REQUIRED ACTION
Copy, word for word, the lines of the listing below from the line with "Пивной прилавок 2,5" up to and including the line with "Deze LoveLight Buddy". Drop the pictures.

THE DATA
== Segment start ==

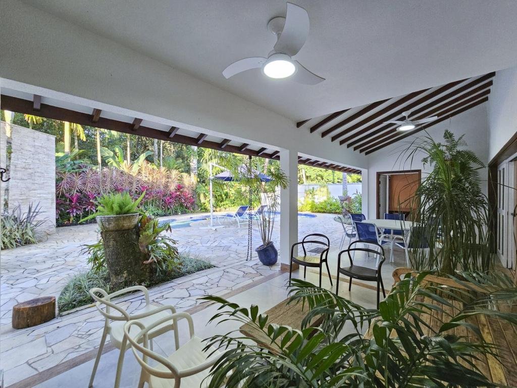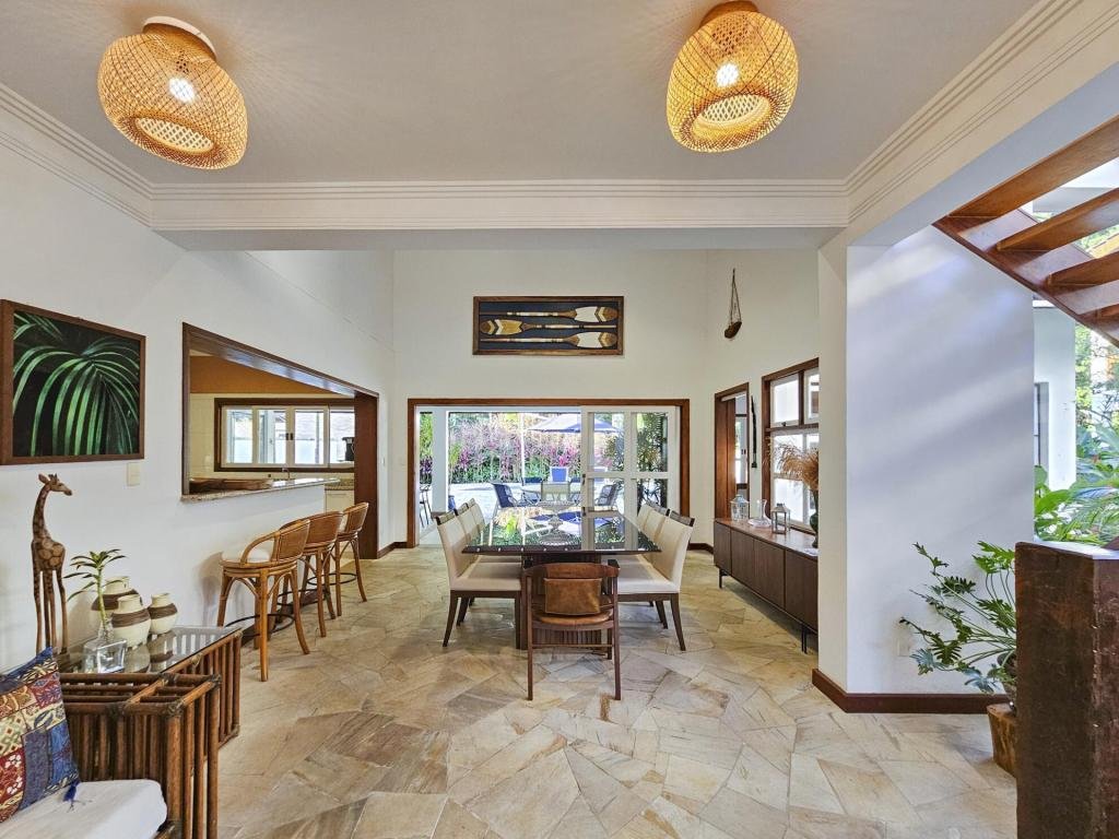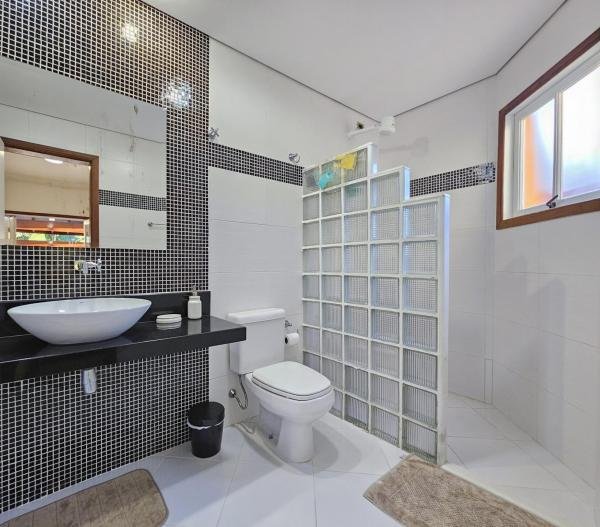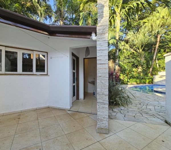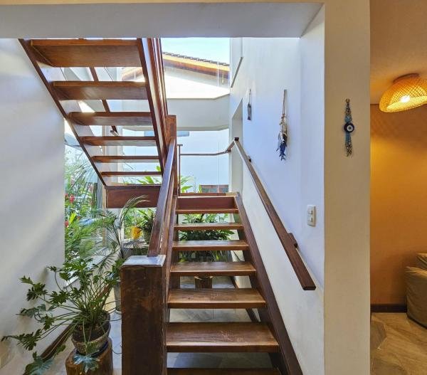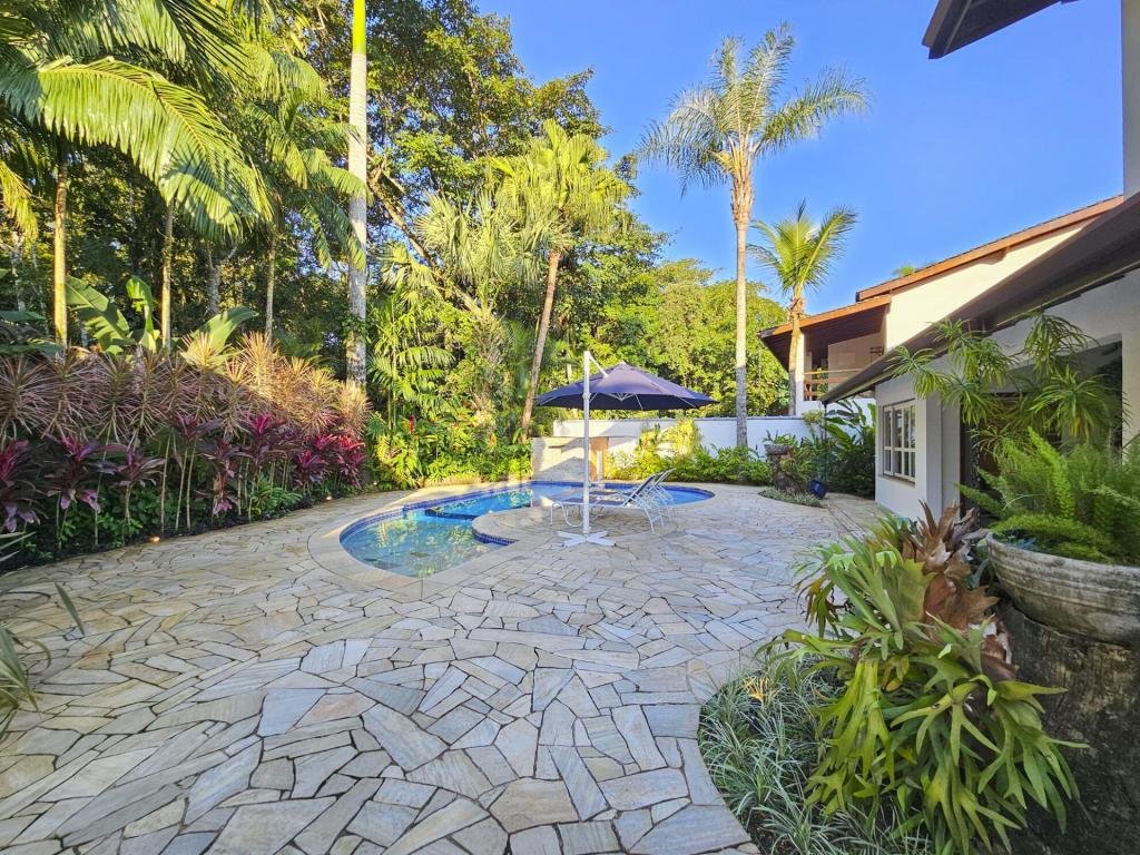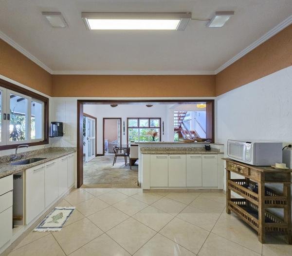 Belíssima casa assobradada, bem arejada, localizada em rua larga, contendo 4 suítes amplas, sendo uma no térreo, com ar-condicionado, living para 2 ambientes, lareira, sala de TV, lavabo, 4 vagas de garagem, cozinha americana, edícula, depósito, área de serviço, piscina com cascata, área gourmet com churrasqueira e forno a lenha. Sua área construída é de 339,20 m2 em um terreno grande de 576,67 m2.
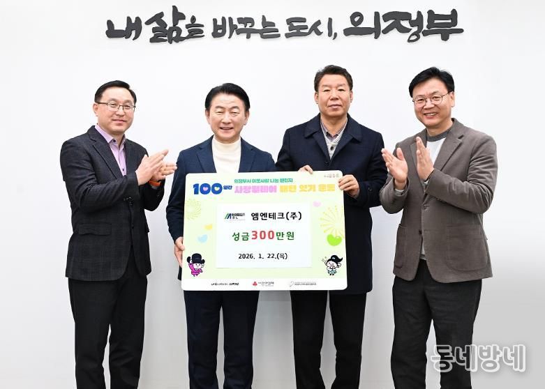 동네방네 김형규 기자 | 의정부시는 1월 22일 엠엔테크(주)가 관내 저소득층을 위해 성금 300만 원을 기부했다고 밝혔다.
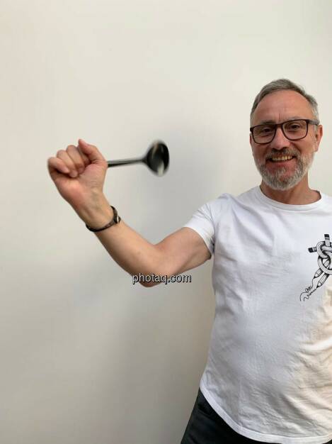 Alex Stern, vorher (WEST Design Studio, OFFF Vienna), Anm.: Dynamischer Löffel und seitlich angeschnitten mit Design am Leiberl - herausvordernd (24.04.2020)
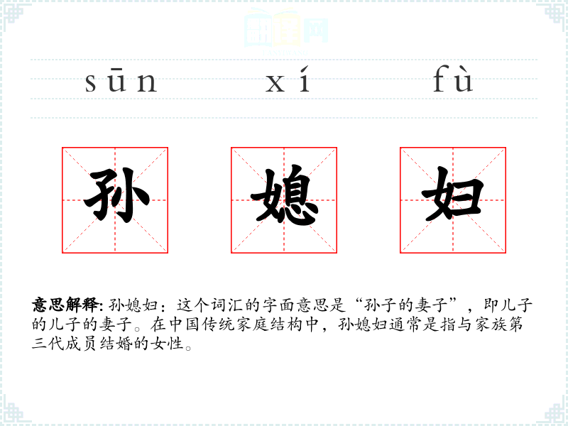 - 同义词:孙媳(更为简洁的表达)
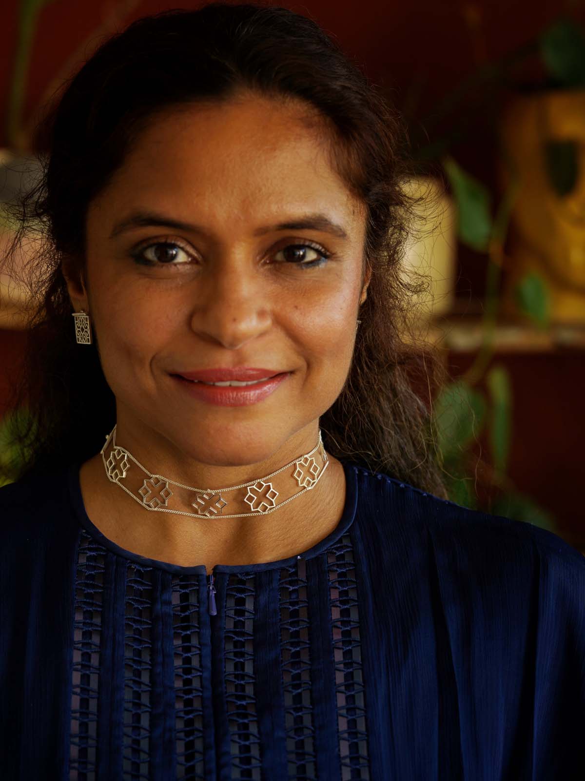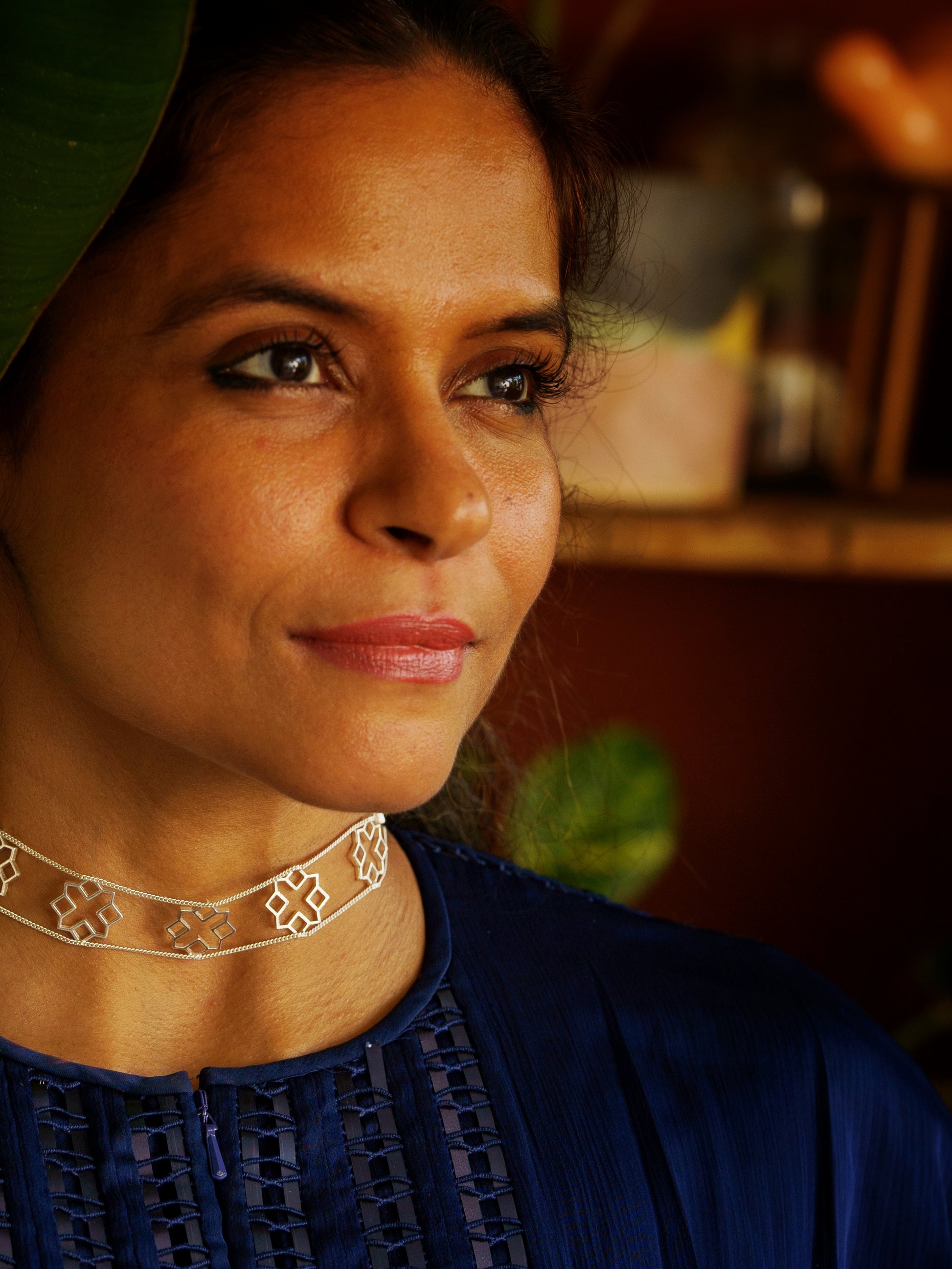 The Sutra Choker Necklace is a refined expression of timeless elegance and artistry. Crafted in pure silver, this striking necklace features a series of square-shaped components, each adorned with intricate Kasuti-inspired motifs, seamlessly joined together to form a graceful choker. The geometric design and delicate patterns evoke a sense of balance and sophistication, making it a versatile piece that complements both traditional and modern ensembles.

== Segment end ==
== Segment start ==

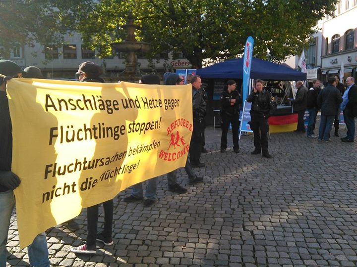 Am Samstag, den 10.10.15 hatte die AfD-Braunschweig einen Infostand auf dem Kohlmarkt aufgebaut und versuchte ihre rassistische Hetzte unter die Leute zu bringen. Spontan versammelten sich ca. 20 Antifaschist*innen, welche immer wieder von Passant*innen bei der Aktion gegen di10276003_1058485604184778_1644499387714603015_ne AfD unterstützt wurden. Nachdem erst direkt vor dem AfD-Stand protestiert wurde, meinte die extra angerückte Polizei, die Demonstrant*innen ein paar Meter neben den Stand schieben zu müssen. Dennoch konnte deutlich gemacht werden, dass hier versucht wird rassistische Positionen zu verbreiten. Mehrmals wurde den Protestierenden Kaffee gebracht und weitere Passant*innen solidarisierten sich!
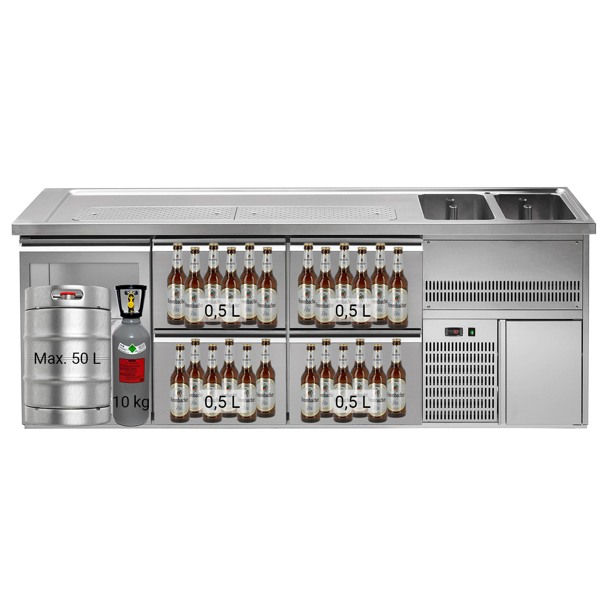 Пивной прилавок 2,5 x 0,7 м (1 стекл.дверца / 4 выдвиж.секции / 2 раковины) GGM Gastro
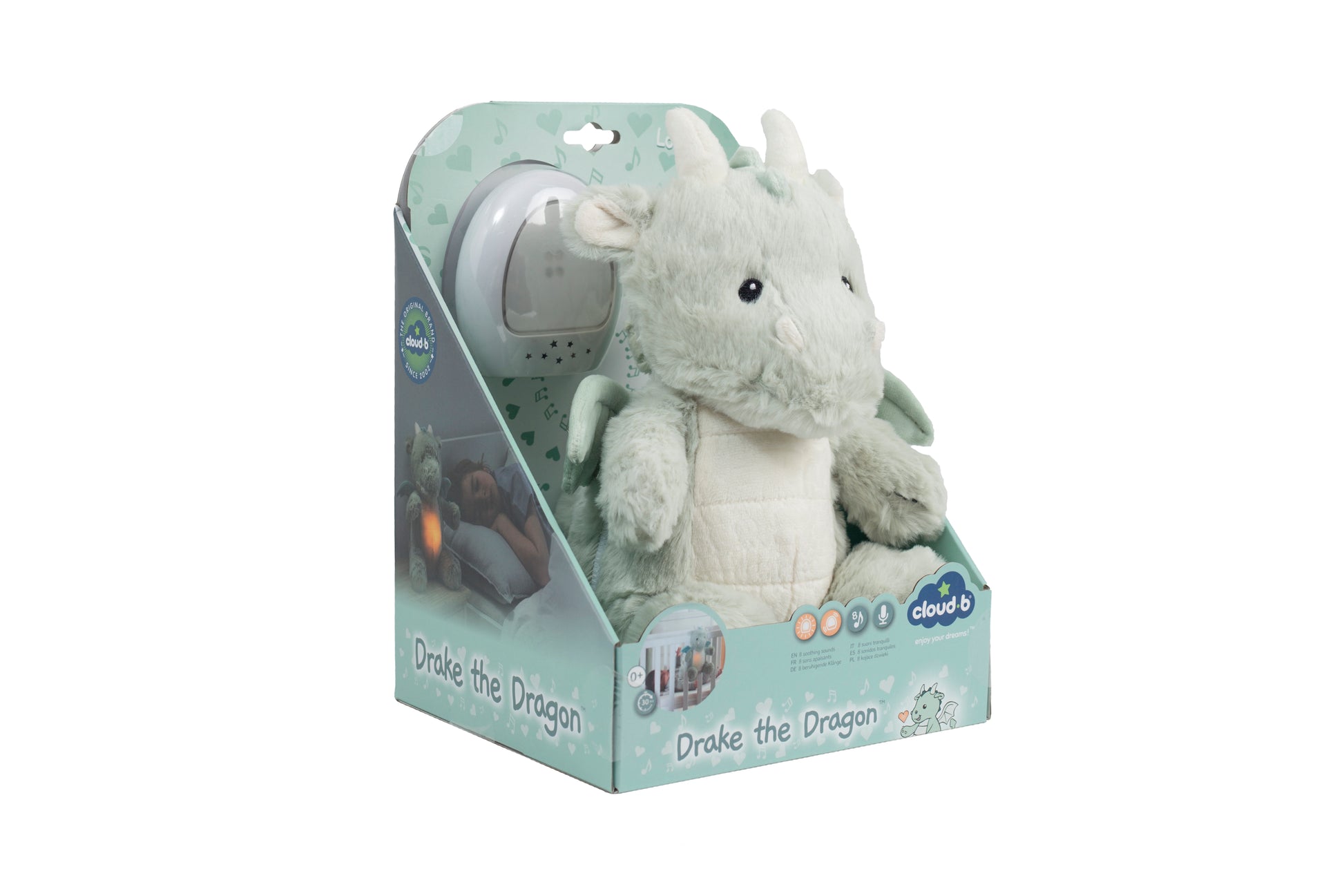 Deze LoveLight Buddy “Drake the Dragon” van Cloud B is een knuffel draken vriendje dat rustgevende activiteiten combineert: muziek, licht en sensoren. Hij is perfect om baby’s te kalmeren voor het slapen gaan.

== Segment end ==
== Segment start ==

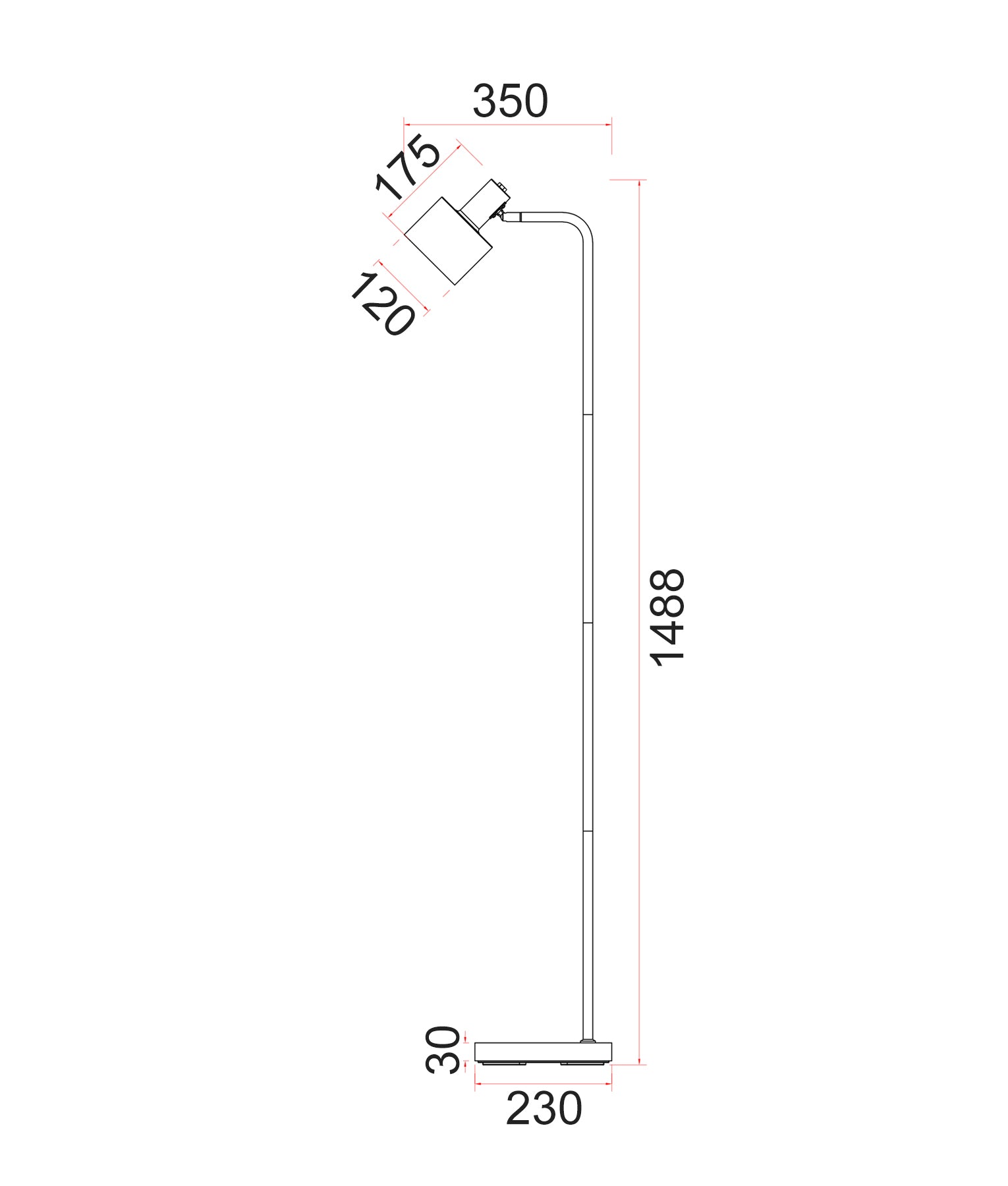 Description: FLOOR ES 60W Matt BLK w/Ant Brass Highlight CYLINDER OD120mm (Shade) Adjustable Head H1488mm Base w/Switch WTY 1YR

== Segment end ==

OUTPUT FOR THIS EXERCISE
 Пивной прилавок 2,5 x 0,7 м (1 стекл.дверца / 4 выдвиж.секции / 2 раковины) GGM Gastro
 Deze LoveLight Buddy “Drake the Dragon” van Cloud B is een knuffel draken vriendje dat rustgevende activiteiten combineert: muziek, licht en sensoren. Hij is perfect om baby’s te kalmeren voor het slapen gaan.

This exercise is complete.